15. How would you implement a system to track changes to data over time (e.g., auditing or versioning)?

One approach is to use database triggers to capture changes. When data is inserted, updated, or deleted, a trigger can fire and record the old and new values in a separate audit table. This audit table would include columns for the table name, column name, operation type (insert, update, delete), timestamp, user, and old/new values.

Another option is to implement versioning directly in the application layer. Before updating data, the application can retrieve the existing record, serialize it, and store it in a versioning table along with a timestamp and user ID. This approach provides more control over what data is versioned and how it's stored, but requires more code.
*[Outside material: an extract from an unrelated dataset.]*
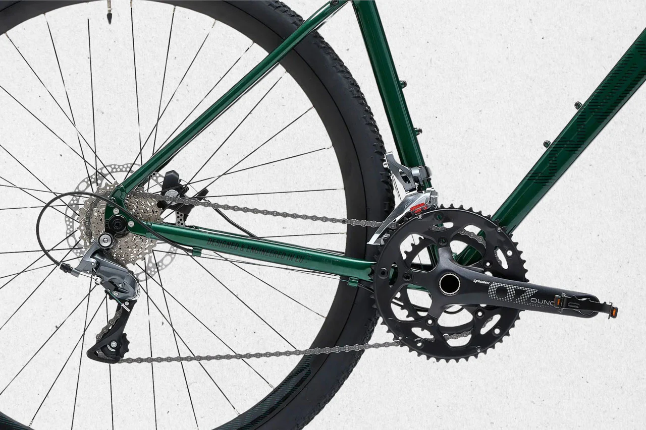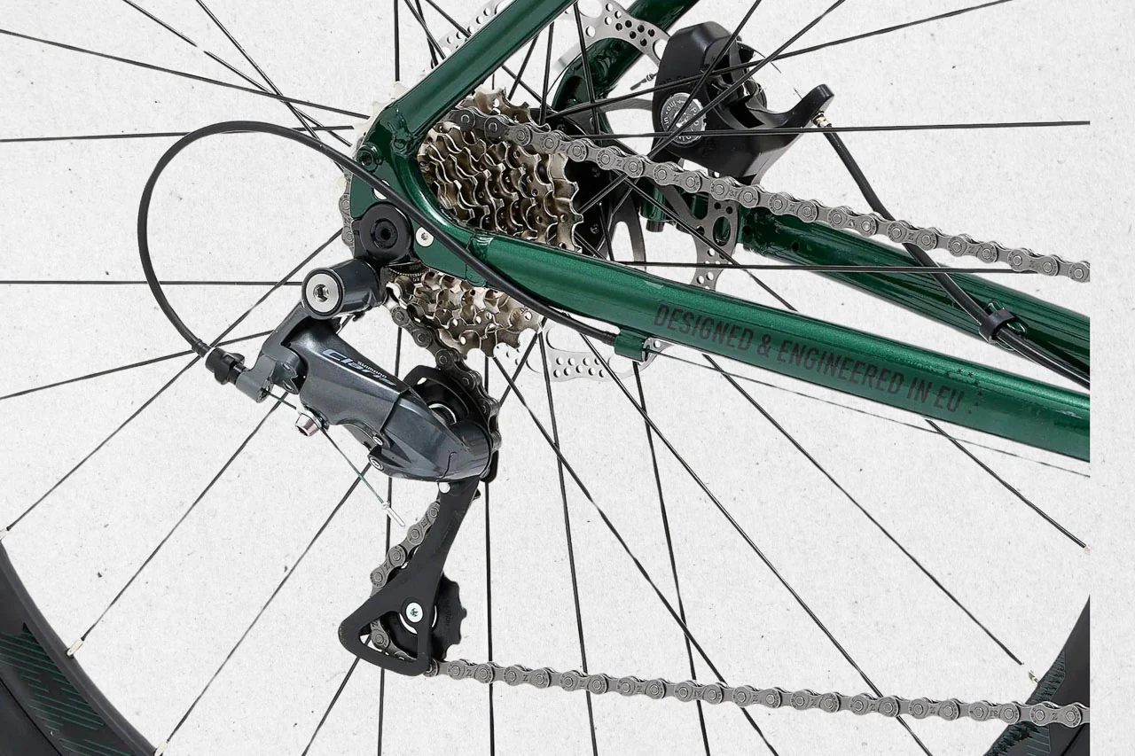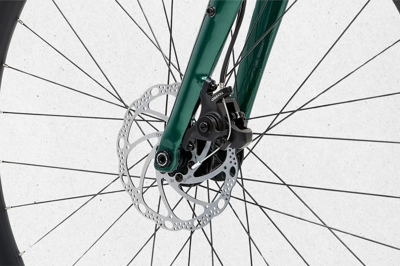 La transmission Shimano Claris en 2×8 vitesses permet d’enchaîner les kilomètres avec fluidité. Le freinage à disque mécanique est simple à entretenir, fiable en toutes conditions.

For instance, if you are using relational databases, a new table can be created such as table_name_history to store older versions.
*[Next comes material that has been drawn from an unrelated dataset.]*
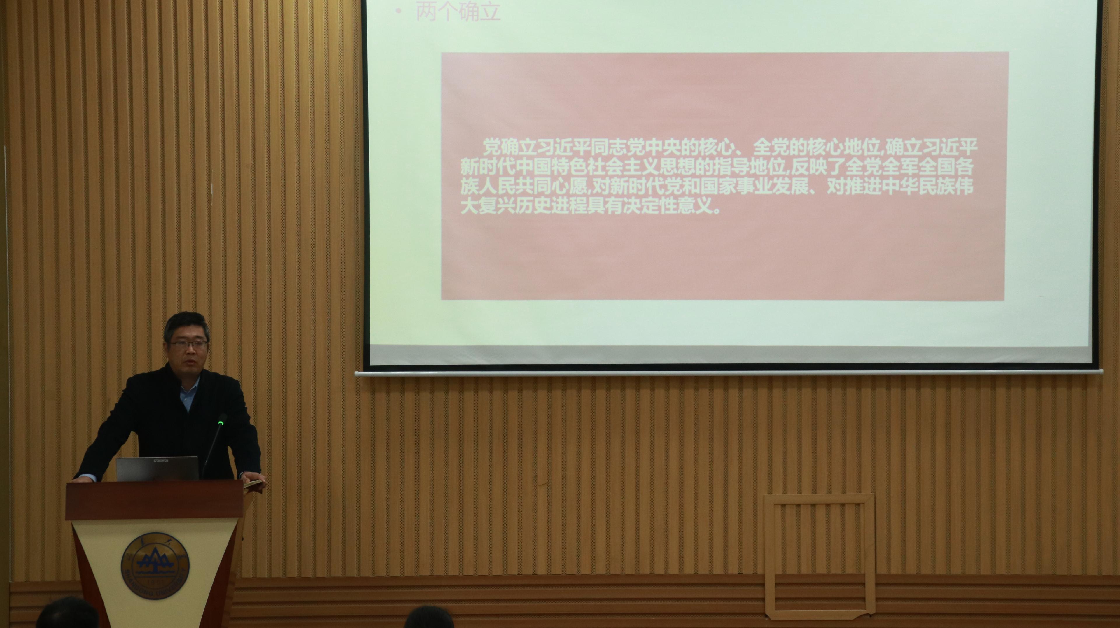 伴随着雄伟的国歌声,团代会正式拉开序幕。郁鹏代表学院党委对大会的召开表示祝贺,并带领与会代表集体学习了党的十九届六中全会精神,他以四个历史时期四个伟大飞跃、马克思主义中国化的三次飞跃、两个确立、五个方面历史意义、十个“坚持”历史经验、牢记一个根本问题、一个号召等七个部分为纲逐一解读了《中国共产党第十九届中央委员会第六次全体会议公报》和《中共中央开云登陆入口党的百年奋斗重大成就和历史经验的决议》。学习最后,他号召全院学子要心怀“国之大者”,坚持“四个面向”,从党的百年征程中传承弘扬伟大建党精神,从老一代物理人的不懈奋斗汲取科学家精神,努力研究真问题、做真学问,争做时代先锋。随后,曹晓习作《山东大学开云online(中国)团委2021年工作报告》,她以“着力增强‘三性’,服务青年成才”为题向与会代表报告了学院团委2021年聚焦政治性、先进性、群众性全面开展思想引领、素质拓展、服务师生等的各项工作成果。

16. Explain how you would handle large data sets (e.g., millions or billions of rows) in SQL queries.

When dealing with large datasets in SQL, performance is key. I'd focus on several strategies. First, ensure proper indexing on columns used in WHERE clauses, JOIN conditions, and ORDER BY clauses; this dramatically speeds up data retrieval. Secondly, optimize query structure by avoiding SELECT * (specify needed columns only), using WHERE clauses to filter data early in the process, and rewriting complex subqueries or correlated subqueries into joins or temporary tables. Also, consider using LIMIT to sample the data if full processing is not required, and explore partitioning the table if the database supports it.

Further, I would monitor query performance using tools like EXPLAIN to identify bottlenecks (e.g., full table scans). For aggregation, consider using summary tables or materialized views to pre-compute aggregations. Finally, for extremely large datasets exceeding database capacity, consider using distributed data processing frameworks like Hadoop/Spark in conjunction with tools like Hive or Impala, or cloud-based data warehousing solutions like Snowflake or BigQuery. When choosing between these options, I will consider the cost, complexity, and required query performance.

17. Describe your experience with using Common Table Expressions (CTEs) for complex queries.

I have used Common Table Expressions (CTEs) extensively to simplify complex SQL queries and improve readability. CTEs are particularly useful when dealing with hierarchical data, recursive queries, or when a subquery is used multiple times within a larger query.

For example, I've used CTEs to:

  • Break down a complex query into smaller, more manageable logical blocks. This makes the overall query easier to understand and debug.
  • Implement recursive queries, such as traversing an organizational chart or a bill-of-materials structure.
  • Avoid code duplication by defining a CTE once and referencing it multiple times within the main query. This improves maintainability. Here's an example of a CTE used for calculating cumulative sales:
WITH CumulativeSales AS (
    SELECT
        sale_date,
        sales_amount,
        SUM(sales_amount) OVER (ORDER BY sale_date) AS cumulative_amount
    FROM
        sales_table
)
SELECT
    sale_date,
    sales_amount,
    cumulative_amount
FROM
    CumulativeSales;

18. How would you implement a full-text search functionality in your database?

To implement full-text search, I would use a dedicated search index alongside my database. Common choices include Elasticsearch or Solr. Data would be synchronized between the database and the search index, often using asynchronous processes or database triggers. When a user searches, the query would be directed to the search index, which is optimized for text-based searches and uses techniques like stemming, tokenization, and inverted indexes to provide fast and relevant results.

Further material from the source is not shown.